The fundamental building blocks in group theory are the simple groups. To explain just what these are, and how any given (finite) group can be split into component simple groups we require the concept of a homomorphic image of a group. Such an image is in fact a telescopic image of a given group. Roughly speaking, when you make a telescopic image of a group G (like we did above, and on severeal earlier occasions), what you get is a sort of 'scaled-down' version of G. The group operation of G is reflected in the telescopic image, though in a reduced form. It being reflected means that products are conserved when we go from the original group to the image group. It is a bit like looking at an object through the wrong end of a telescope : The main features of the object are preserved, but it appears smaller and many features may no longer be distinguishable.
To be a little more precise, if you start with a group G, then to form the homomorphic image, G', of G you have to associate with each element a of G an element a' of G' (called the image of a ) in such a way that for any pair of elements a, b of G with images a', b', respectively, the product of a' and b' in G' (according to the group operation of G') has to be the image of the element ab in G (i.e. ab is the product of a and b according to the group operation of G). When we call the homomorphism h, we can indicate this succinctly as :
h(ab) = h(a) h(b)
I.e. the image of the product is the product of the images.
Thus G' preserves the structure of G. And as we saw above, there is nothing to prevent several elements of G having the same image in G', and indeed it is this 'collapsing' or 'coalescing', or abstraction as we said above, of the elements that accounts for the reduction in size when you go from G to G'. In the example above we went, according to the homomorphism f, from the group D6, possessing 12 elements, to the group D2, which has only four elements. The group D2 is a telescopic image, or homomorphic image of the group D6.

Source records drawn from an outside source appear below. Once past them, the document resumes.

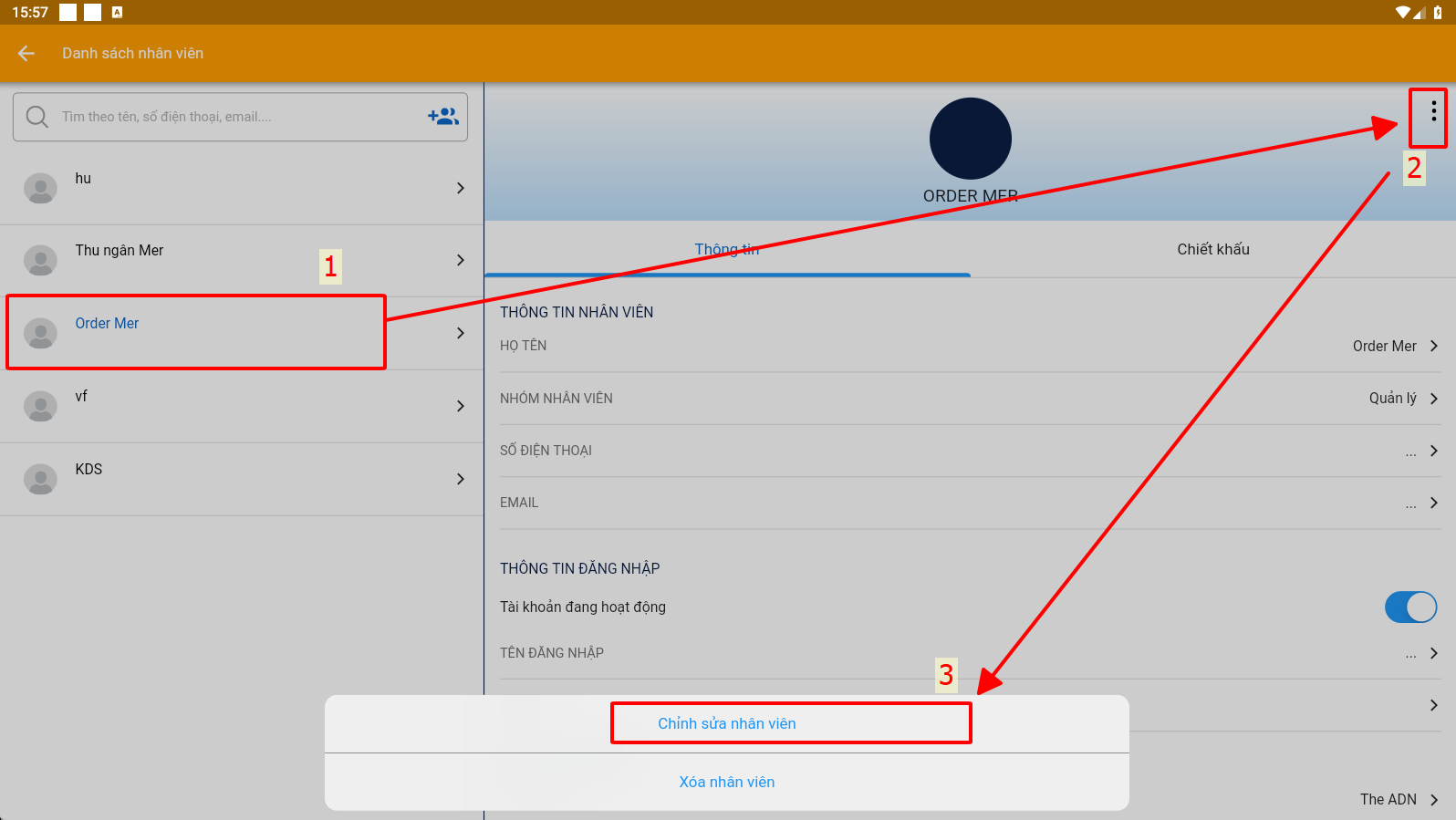 B4: Chọn vào nhân viên muốn chỉnh sửa hoặc xóa > chọn dấu 3 chấm góc phải > chọn chỉnh sửa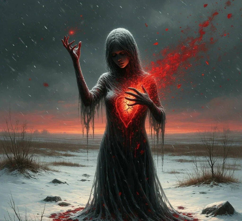 Чувства, покрытые скорбьюуйдут, оставив лишь след.И мы, с открытой ладоньюбудем ждать алый снег.Эмоции счастья утонут во тьмеРазрушение духа станет как норма,остатки души сгорают в огне,тело оставив лишь пустой формой.Снег, пропитанный ...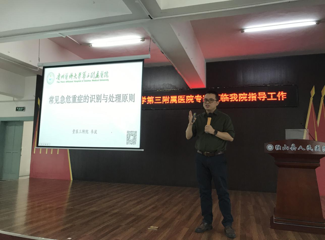 近日,我院重症医学科副主任韦波、护士长吴云、专科护士杨德梅一行到独山县人民医院、独山县中医医院开展专题讲座,进一步落实《黔南州医疗机构专科联盟建设实施方案》要求,提升基层医务人员对危重症病情的准确判断和急救处置能力,促进重症医学科建设。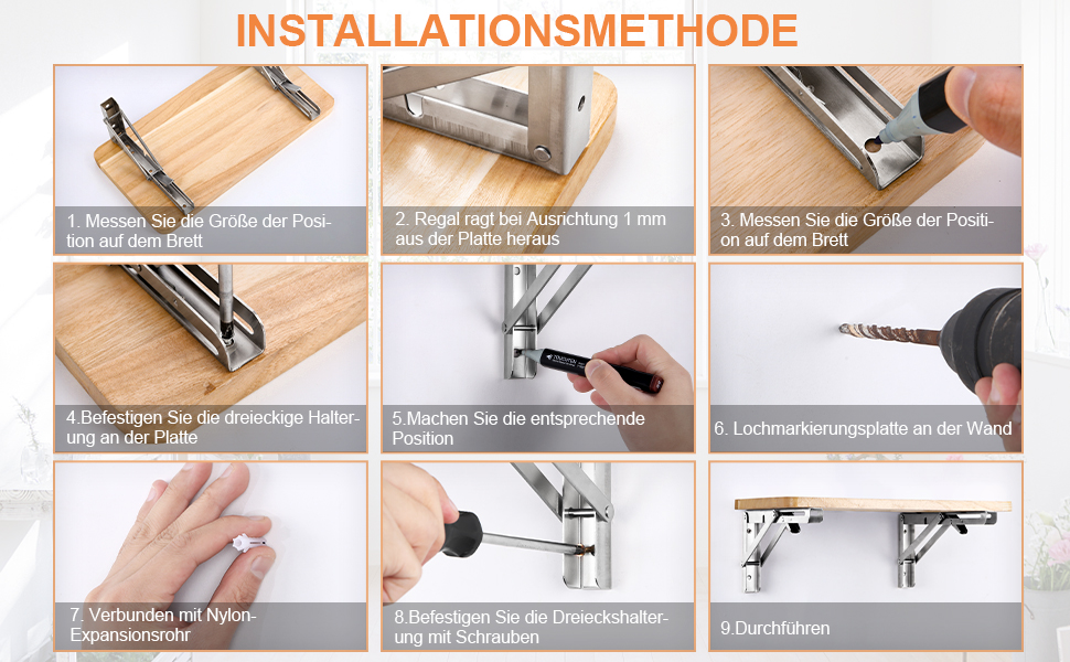 ?? ?? простий у встановленні? Їх дуже легко зібрати і складати, щоб ви могли створити складну кронштейн полиці або невеликий складний настінний стіл для будинку або гаража. Його можна встановити на будь -якому типі стіни без пошкоджень. Містить 6 високоякісних гвинтів з нержавіючої сталі та 6 труб розширення.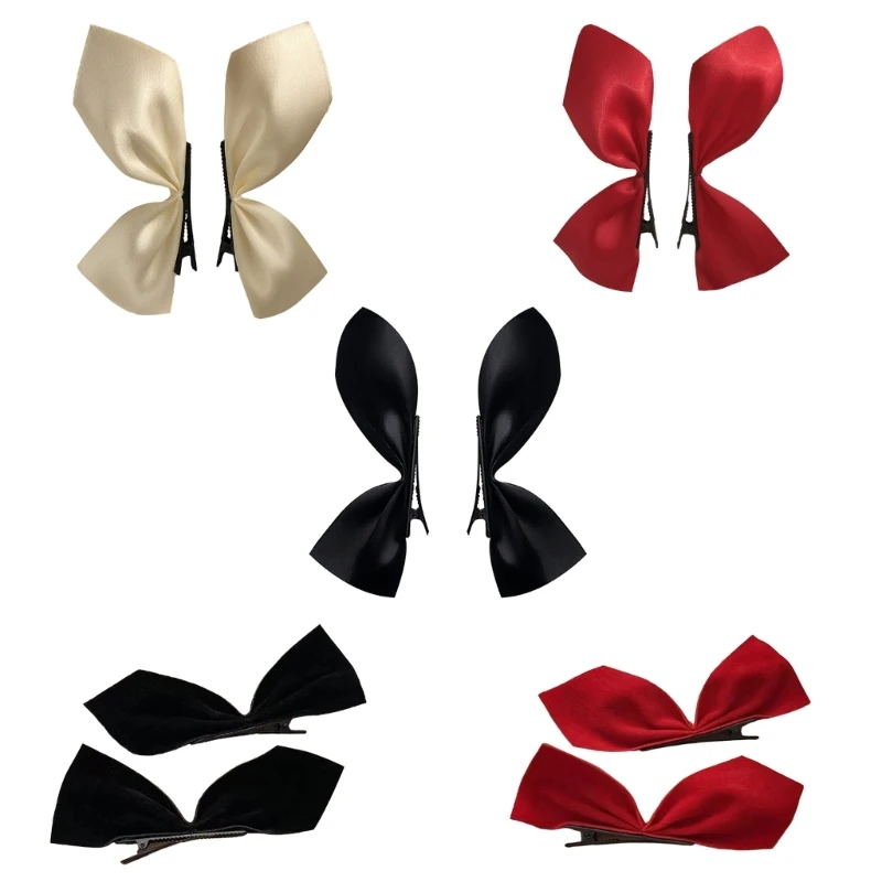 652F Girls Hair Clip Lovely Barrettes Duckbill Bowknot Shape Hairpin Satin/ Velvet Hair Clip for Teenagers Toddler Wear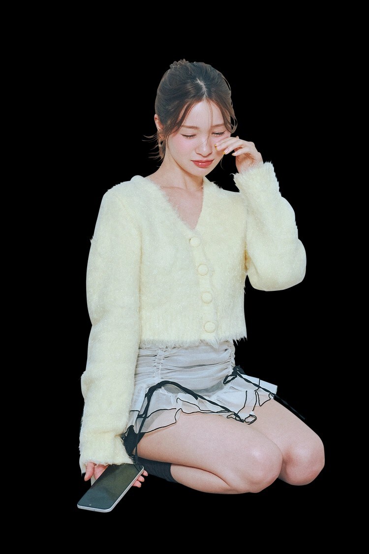 イエローカーデのふわもこ感に、リボンショートパンツで甘さと肌見せをプラス。イヤリングと白ソックスで抜け感を添えれば、おうちでの配信チェックも特別な“ときめき時間”にアップデート♡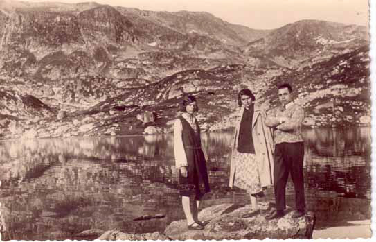two woman and a man on rock near lake

Every group G has at least two telescopic images. On of these is G itself, where each element of G is its own image. This situation trivially satisfies the requirements for being a telescopic image (products are preserved), though it is clearly an extreme case. The other telescopic image which any group G possesses lies at the other extreme. It is the point image of G, namely the group which has only one element, the identity element (let us call it) e. Indeed the general definition of a group allows for an identity element to form a group of its own, albeit a rather trivial one. Its multiplication table (group table) is as follows :
In the point image, every element of G has the same image, namely e, so in this case also the requirements of a telescopic image are satisfied : If we call this homomorphism i, then we have, for any two elements a, b of G :
i(a) = e
i(b) = e
i(ab) = e
i(a) i(b) = ee = e
Thus i(ab) = i(a) i(b),
and the condition for the preservation of products is satisfied.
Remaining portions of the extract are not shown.